Oregon City Council next month will consider the application of a Special Use Exemption (SUE) for a lot at the northeast corner of Navarre Avenue and Wynn Road for the development of a small strip mall.
Plans also call for a gas station, according to Mayor Mike Seferian.
“I know at different times, this might become a little bit of a topic amongst residents and some people in the city of whether that’s a proper use for that piece of property,” said Seferian. The parcel faced foreclosure years ago following several attempts to purchase it, he added.
“Each of those attempts had failed. Now there’s an agreement to try and put that property to use,” he said.
The Plan Commission will review the application before making a recommendation to council, which will likely vote on it on Sept. 22.
Seferian said the city has to decide whether to control “how retail chooses to purchase property.”
“We have to make a decision how we enter into the control or lack of control of how retail chooses to do business in our city. I’ve explained to many people who live in the Park Place condos that maybe it’s not the business you would most desire to be in front of your property, but it might not be the least desirable venture either. So the only way you could control the destiny of the property around you is to own it. I just want to make council aware that this is coming up, and you will be facing a decision. I’m sure there will be strong feelings - in some instances - against this proposal. Do you really want to be in that position to control the destiny of how the retail goes in here. There is a demand to put that parcel into action. We’re going to face a few of those challenges as applications for a couple of the parcels come up over the next few years. We have to be united on how we pursue each one of them because we have to be known as the community that treats retail business fairly,” said Seferian.
Administrator Mike Beazley said the parcel needs a special or conditional use because of the gas station.
“If you look at the proposed development for this corner, almost all the uses proposed would be automatically allowed without any permit,” he said. “The strip mall could be carried out or put in without seeking an additional permit of any kind. But a gas station in Oregon is always either a conditional use or a special use depending on where you’re locating it. In a C-5, it is a special use.” Other commercially zoned property would require a conditional use, he added.
“A gas station itself is always something that either comes to the plan commission for a special or conditional approval or ultimately to a council,” he said.
The developers do not need any waivers or setbacks, he said.

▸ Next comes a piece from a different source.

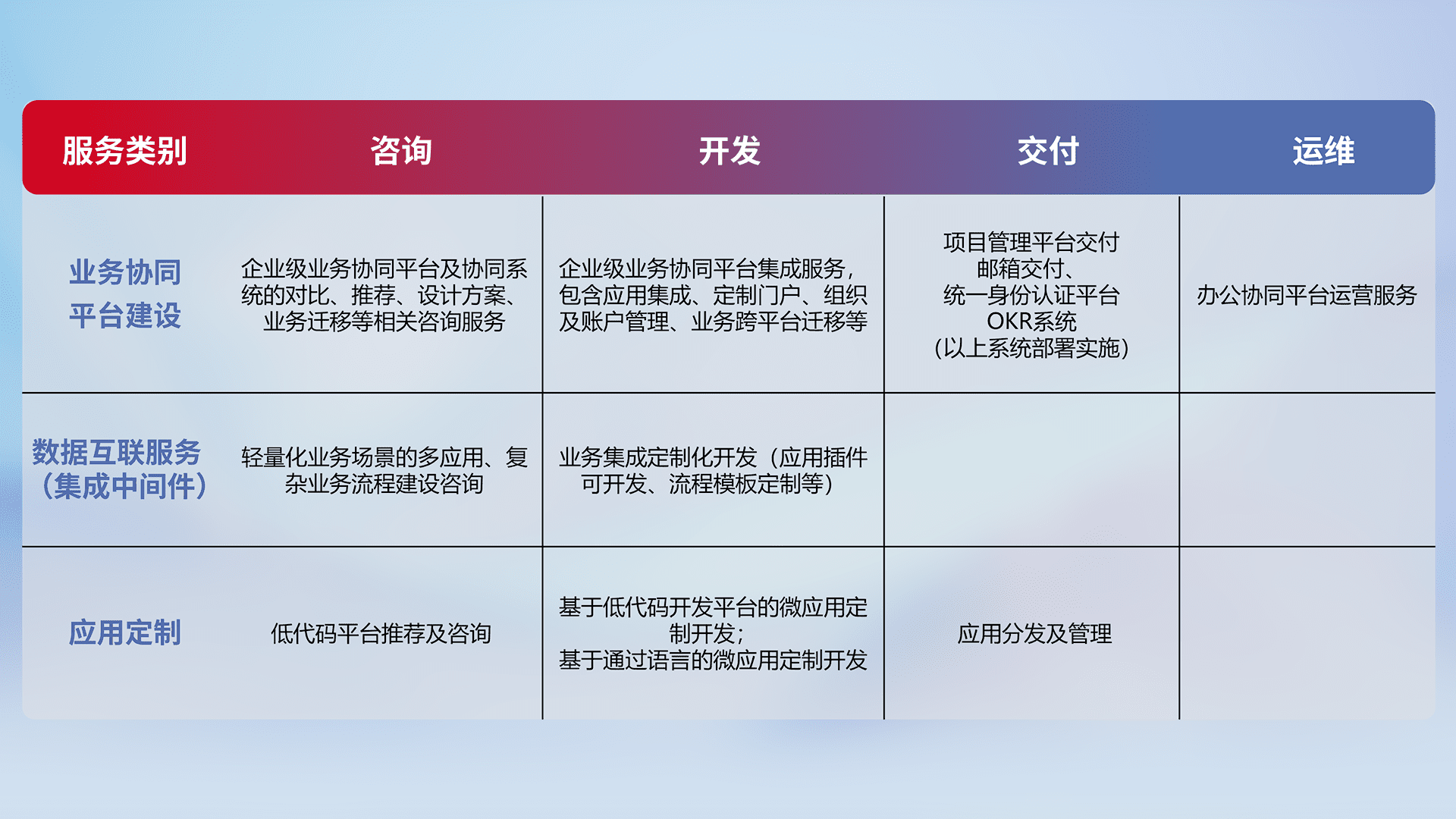 针对钉钉、、企微、、、IDaas等平台级产品提供产品的规划、、方案、、交付、、定制化开发等服务,,,实现如统一协同办公、、、、智能客户服务、、、、混合会议管理、、智能数据查询、、等业务场景,,,,实现数字化转型。。。。

“It comes with fewer strings than some. I don’t think in this case there would be exceptions allowed – no setback or buffering reductions. Everything in their proposal will fit within the footprint and the parameters of our code, but a gas station is always either a conditional or special use because of the consideration of the impact of that use,” said Beazley.

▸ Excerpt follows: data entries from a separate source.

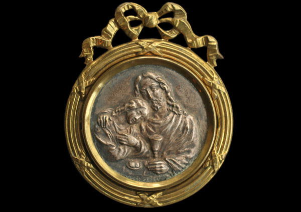 メダイの図柄は最後の晩餐のときのイエズスと使徒ヨハネで、ヨハネによる福音書 13章に記述があります。主イエズスが弟子たちのなかでも特に愛された若者ヨハネは、主の隣で過ぎ越しの食事の席に着いています。食事が始まるとき、イエズスは、まもなく自分が弟子の一人に裏切られるという予告をします。シモン・ペトロがヨハネに向かって、主が誰のことを言っておられるのか尋ねるように合図をし、ヨハネはイエズスの胸元に寄りかかったまま、「主よ、それは誰のことですか」とイエズスに訊ねています。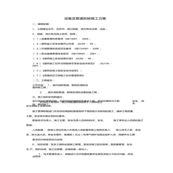 消防设备及管道拆除施工方案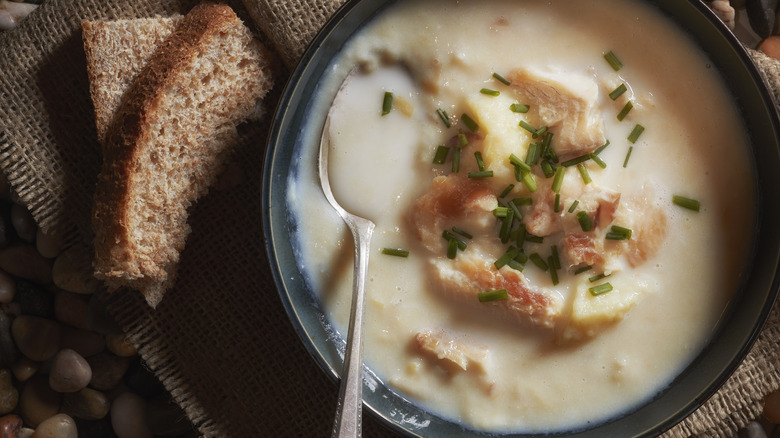 Some recipes may call for chopping filets into (albeit, decently sized) chunks. But, there's a risk that they'll dwindle into nothing, the longer that they simmer in the pot. Instead, by leaving filets intact, this allows fish to hold onto its shape better. Even then, filets will eventually flake off into smaller pieces. The good thing is that when this does happen, these natural flakes will give chowder an increased textural variety, which ultimately improves the tasting experience.

Councilman James Seaman said the gas station would attract more customers to the strip mall and is needed for its success.
“Maybe a strip mall has a better chance if there’s a gas station,” he said. “It rounds out the ability of that strip to be economically viable. That’s part of the total picture to make the strip successful. Sometimes, that’s the way an entrepreneur looks at things. We have to keep that in mind.”

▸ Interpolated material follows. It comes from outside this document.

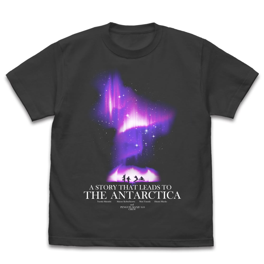 南極の空に浮かぶオーロラと4人のシルエットが印象的なTシャツ

“You’re exactly right because when you’re building a strip mall…you’re looking for traffic flow into your complex. They know a service station usually provides, for the most part, an essential part of someone’s budget,” said Seferian.
Councilman Tim Zale, though, said the city’s master plan had wanted to keep more retail businesses west of Wynn Road.
“I’ve never personally equated a gas station with going shopping. I don’t see the relevancy there,” said Zale. “I’m not opposed, necessarily, to a gas station, potentially coming to that area. When I look at the idea of a strip mall being added to that, we can’t fill the areas of retail inside the city with strip malls now versus putting one in a location way out there. I don’t know if that area personally is ready for development of that kind.”
He expected a lot of opposition to the zoning change.
“It’s in my neighborhood and I have received a lot of calls of concern from neighbors,” he said.
He also said it is council’s responsibility to “somewhat regulate” what type of businesses go into certain locations.
“We have to be cautions about how we do that, I agree, because we don’t want to interfere with good development in the city. But at the same time, I do think it is incumbent upon us to somewhat regulate businesses and where they are going to be in the city,” he said.